1) What does that mean?

The only really useful abstraction when this actually gets used is that you need to access a specific memory location because something is mapped to a specific point, generally hardware control registers (less often: a specific area in flash or from the linker table). The fact that you are assigning 60000 (a decimal number rather than a hexadecimal address or a symbolic mnemonic) makes me quite worried.

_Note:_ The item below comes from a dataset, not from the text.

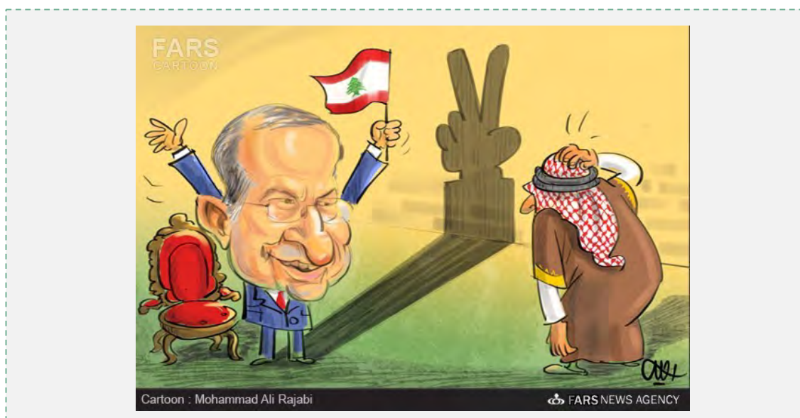
"ניצחון ההתנגדות בבחירות בלבנון" (סוכנות הידיעות פארס, 31 באוקטובר 2016).

■ עלי-אכבר ולאיתי (Ali-Akbar Velayati), יועצו לעניינים בינלאומיים של המנהיג העליון, אמר בריאיון לסוכנות הידיעות תסנים (31 באוקטובר 2016), כי בחירתו של מישל עון כנשיא היא ניצחון של ההתנגדות האסלאמית ושל מזכ"ל חזבאללה, חסן נצראללה.

2) Do you have "odd" pointers?

Some microcontrollers have pointers with strange semantics (near vs far, tied to a specific memory page, etc.) You may have to do odd things to make the pointer make sense. In addition, some pointers can do strange things depending upon where they point. For example, the PIC32 series can point to the exact same data but with different upper bits that will retrieve a cached copy or an uncached copy.

3) Is that value the correct size for the pointer?

Different architectures need different sizes. The newer data types like intptr_t are meant to paper over this.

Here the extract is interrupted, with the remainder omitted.